Whether from age six or eight, Diefenbaker's goal was to be prime minister, and over half a century there was absolutely nothing in his thought, being, action and personal/political relationships that was not focused on that goal. Once this goal was achieved against all odds in 1957, the focus shifted to staying in office and then, in the wake of the utter collapse of his ministry in 1963, to creating his myth. "The Prime Minister was not an active policy-maker," writes Smith. "He came to power with few general objectives, no timetable and no strategy. Above all his instincts were tuned to his daily portion of adulation--and to the next general election."

In Smith's eyes, Diefenbaker was little more than a scheming young political opportunist who became a scheming old political opportunist who became a scheming opportunist emeritus. But in this long process a goodly slice of Canadian history--especially western political history, which has shaped our modern political reality more than we suspect--was written. Smith puts this in context. Diefenbaker came to office at a time of tremendous pressures on Canada. The "Quiet Revolution" was about to mature in Quebec, Britain's entry into Europe was about to end any countervailing force to North American economic integration, the Cold War was about to enter a new phase with a militant young U.S. president, and Canada's military absorption through NORAD was now formalized. Diefenbaker neither recognized, understood nor even related to any of this.

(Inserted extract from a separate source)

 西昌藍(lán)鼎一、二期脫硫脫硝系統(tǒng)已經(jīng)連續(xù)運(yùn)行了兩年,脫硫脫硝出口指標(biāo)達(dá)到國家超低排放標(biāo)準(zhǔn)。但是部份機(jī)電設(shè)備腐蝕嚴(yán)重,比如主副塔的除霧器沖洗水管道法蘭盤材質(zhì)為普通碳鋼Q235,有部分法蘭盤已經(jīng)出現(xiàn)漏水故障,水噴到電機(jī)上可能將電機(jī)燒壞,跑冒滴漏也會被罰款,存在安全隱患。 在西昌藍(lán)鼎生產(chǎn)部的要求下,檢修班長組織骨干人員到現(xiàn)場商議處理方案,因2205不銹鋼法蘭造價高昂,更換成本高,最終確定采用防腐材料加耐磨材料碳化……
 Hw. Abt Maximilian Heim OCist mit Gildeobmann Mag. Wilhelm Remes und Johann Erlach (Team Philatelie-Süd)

In Smith's eyes, Diefenbaker was little more than a scheming young political opportunist who became a scheming old political opportunist who became a scheming opportunist emeritus.

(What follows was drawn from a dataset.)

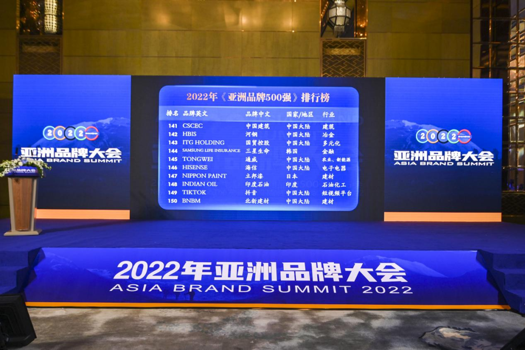 “亞洲品牌大會”發(fā)布2022《亞洲品牌500強》

And so we are left with the myth: the firebrand, populist civil libertarian lawyer (not really); the devoted Man of the House who laboured diligently in Canada's parliamentary vineyards (he made some dandy speeches but left most of the legislative heavy lifting to others); the Canadian nationalist who led the good fight against the rude encroachments of the Americans (he was little more than a pain in the butt to the American administration and the content of his fight with the U.S. was personal). Even on the issue of nuclear weapons, Diefenbaker's indecisiveness grew out of nothing more than his personal political calculations. Diefenbaker's bigotry is also a myth. Smith lays to rest the old charge that Diefenbaker was a member of the Ku Klux Klan, although he certainly used and allowed himself to be used by the Klan for a time. Conversely, his protests against the proud and strident racial and religious bigotry of the old Ontario Tory Orange machine were conditioned largely by the fact that the prairies were now being populated by immigrants from middle Europe, many of them Catholics, and they were beginning to vote.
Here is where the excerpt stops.